I got this running on macOS using mlx-audio thanks to Prince Canuma: https://x.c...

genewitch · 2026-01-23T03:26:42 1769138802

If i am ever in the same city as you, i'll buy you dinner. I poked around during my free time today trying to figure out how to run these models, and here is the estimable Simon Willison just presenting it on a platter.

hopefully i can make this work on windows (or linux, i guess).

thanks so much.

cube00 · 2026-01-23T10:57:03 1769165823

> hopefully i can make this work on windows (or linux, i guess).
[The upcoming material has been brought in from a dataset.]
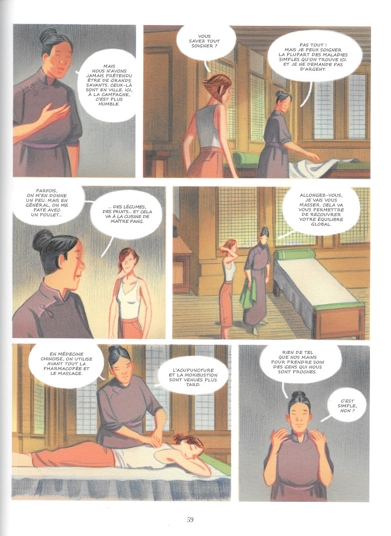 « Un long voyage commence par un pas. » Fanny arrive à Shanghai en 1937 pour parfaire ses études de littérature chinoise. Grâce à Taiming, un négociant en herbes médicinales, elle plonge dans la conception du monde, du corps et de l'équilibre dans la pensée taoïste. L'expérience d'un court voyage sur une montagne isolée, et la rencontre de pratiquants du Tao, la changeront pour toujours.

mlx-audio only works on Apple Silicon

bigyabai · 2026-01-23T17:45:37 1769190337

The original script supports CPU inference, nonetheless.
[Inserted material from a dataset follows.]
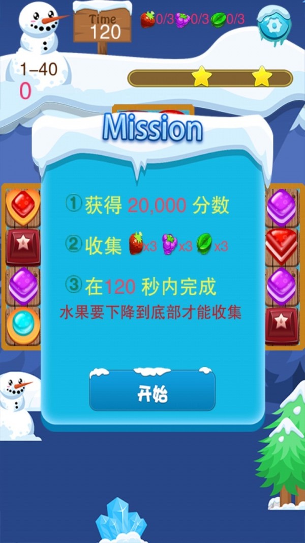 有些关卡需要收集水果,而水果要下降到底部才算收集成功。

rahimnathwani · 2026-01-23T20:44:27 1769201067

If you want to do custom voice cloning, record a sample wav file with a sentence or two, and then try this:

  uv tool install --force git+https://github.com/Blaizzy/mlx-audio.git --prerelease=allow
    
  python -m mlx_audio.tts.generate --model mlx-community/Qwen3-TTS-12Hz-0.6B-Base-bf16 --text "Hello, this is a test." --ref_audio path_to_audio.wav --ref_text "Transcript of the reference audio." --play

indigodaddy · 2026-01-23T01:36:50 1769132210

Simon how do you think this would perform on CPU only? Lets say threadripper with 20G ram. (Voice cloning in particular)
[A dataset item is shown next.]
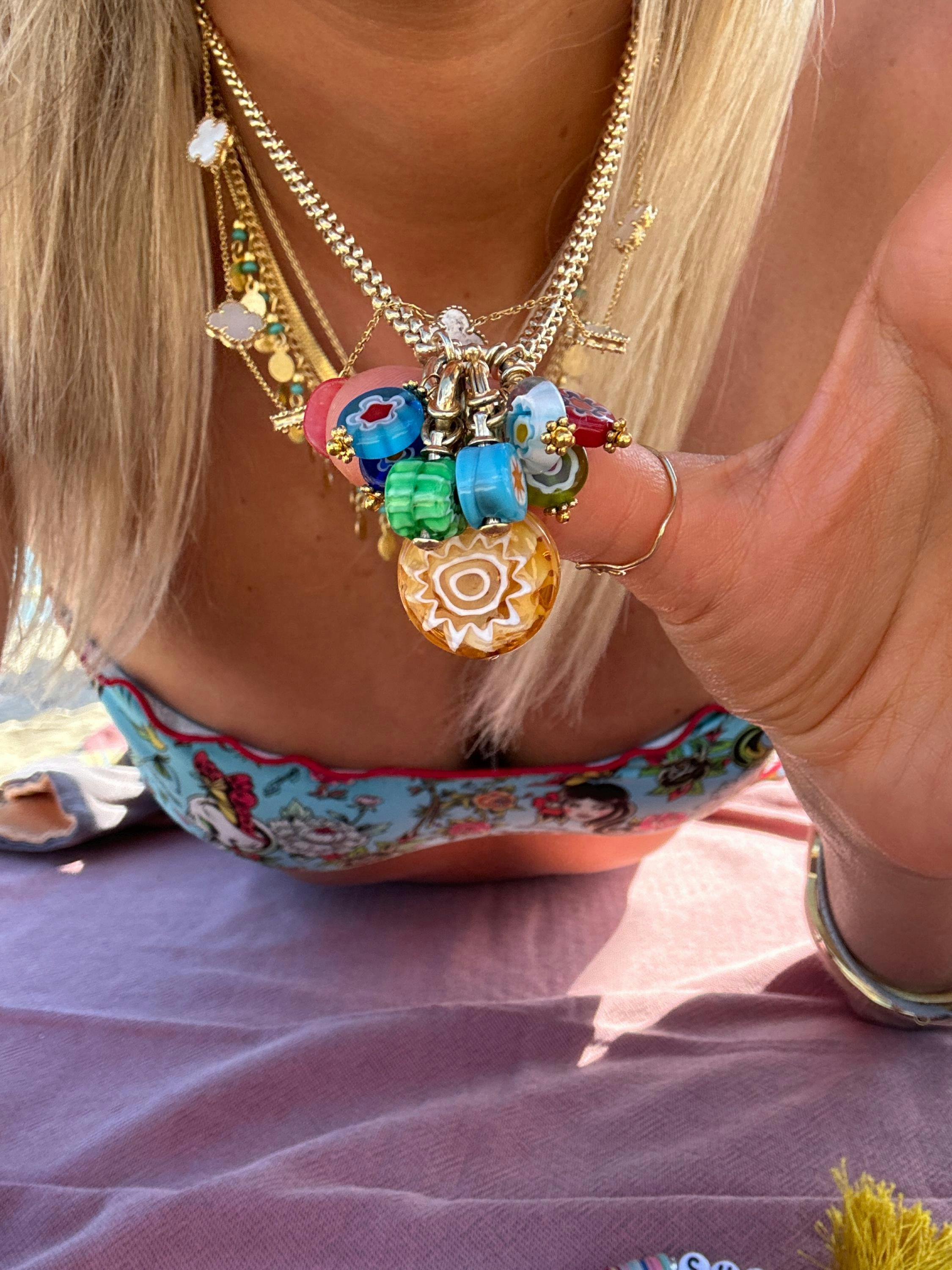 2. Add a carabiner to make it a charm . Attach it to your zipper of your makeup bag or jacket. Personalize your objects with this millefiori pendant .

simonw · 2026-01-23T03:06:43 1769137603

No idea at all, but my guess is it would work but be a bit slow.

You'd need to use a different build of the model though, I don't think MLX has a CPU implementation.

genewitch · 2026-01-23T03:30:45 1769139045

the old voice cloning and/or TTS models were CPU only, and they weren't realtime, but no worse than 2:1, 30 seconds of audio would take 60 seconds to generate. roughly. in 2021 one-shot TTS/cloning using GPUs was getting there, and that was close enough to realtime; one could, if one was willing to deal with it, wire microphone audio to the model, and speak words, and the model would, in real time, modify the voice. Phil Hendrie is jealous.

anyhow, with faster CPUs and optimizations, you won't be waiting too long. Also 20GB is overkill for an audio model. Only text - LLM - are huge and take infinite memory. SD/FLUX models are under 16GB of ram usage (uh, mine are, at least!), for instance.

gcr · 2026-01-22T23:44:13 1769125453

This is wonderful, thank you. Another win for uv!